Gustav Klimt, Standing Female Nude, 1901.
(Study for ‘The Three Gorgons; Beethoven Frieze’). Photo: Courtesy of the Albertina Museum, Vienna

“Beyond Klimt: New Horizons in Central Europe” at the Belvedere | Vienna, Austria 
Through August 26, 2018

In the years following 1918, artists in Central Europe strove to create new visual styles, building on Klimt’s legacy. At the Lower Belvedere, “Beyond Klimt” looks at his influence on European artists during the years between the World Wars. These artists were involved in artistic movements such as Constructivism and Expressionism, which connected art across international boundaries. The show includes works by Schiele, Klimt, Oskar Kokoschka, and Koloman Moser, among others.

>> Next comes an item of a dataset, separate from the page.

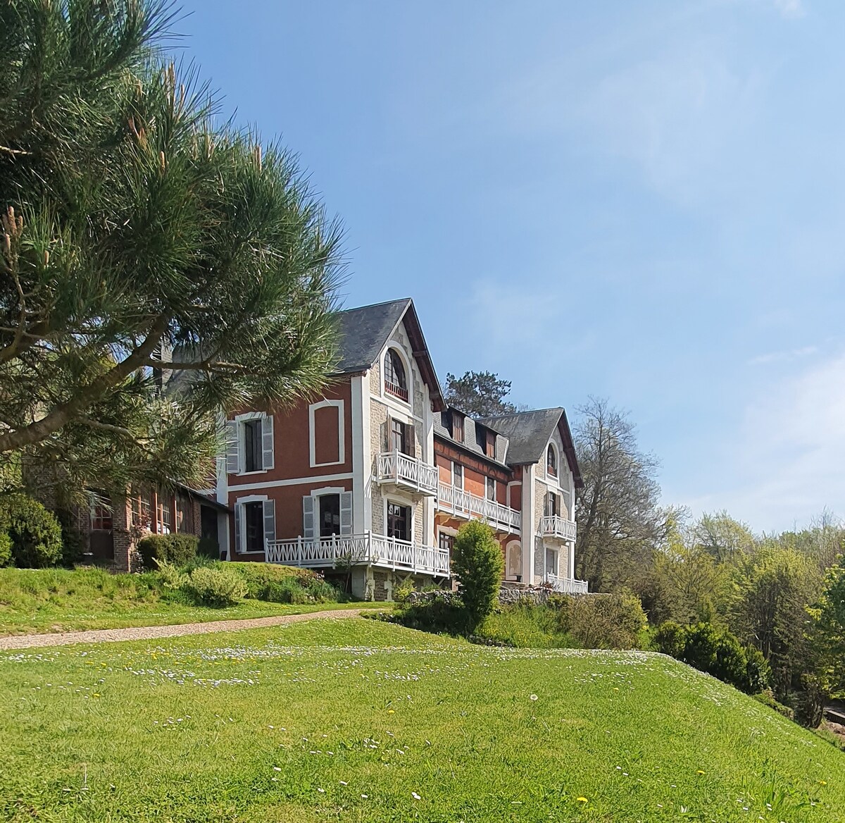 On the first floor of the Villa built in 1858 by the composer Jacques Offenbach, the room is oriented South-West with a view overlooking the sea, the cliffs and the seaside resort. It has its own balcony and its own ensuite bathroom/toilet. We also provide a free covered parking space. Not all common areas of the house are completely renovated, which gives the place its authentic and original character.

Oskar Kokoschka, Der Prager Hafen, 1936. Photo: Courtesy of The Belvedere Vienna

“Egon Schiele: The Jubilee Show” and “Gustav Klimt” at the Leopold Museum | Vienna, Austria 
Through November 4, 2018 and June 22–November 4, 2018

A pair of shows at the Leopold Museum, “Egon Schiele: The Jubilee Show” and “Gustav Klimt,” also honor these artists. “The Jubilee Show” contains works from the Leopold Museum’s collection, with a focus on Schiele’s Expressionist period, which lasted from 1910–14. “Gustav Klimt” contains art from both the Leopold Museum and the Leopold family’s private collection, as well as works from the Klimt Foundation. A major highlight is Klimt’s symbolist painting The Bride, his last unfinished painting. The exhibition will review Klimt’s career from Historicism to Viennese Jugendstil.

Gustav Klimt, The Bride, 1917/18 (unfinished). Photo: Klimt Foundation Vienna. Courtesy of the Leopold Museum
Egon Schiele behind the painting on an easel Autumn tree in moving air (“Winterbaum”), 1912. Photo: Courtesy of the Leopold Private collection
Cover: An immersive digital exhibition featuring Klimt and Schiele recently debuted at l'Atelier des Lumières in Paris.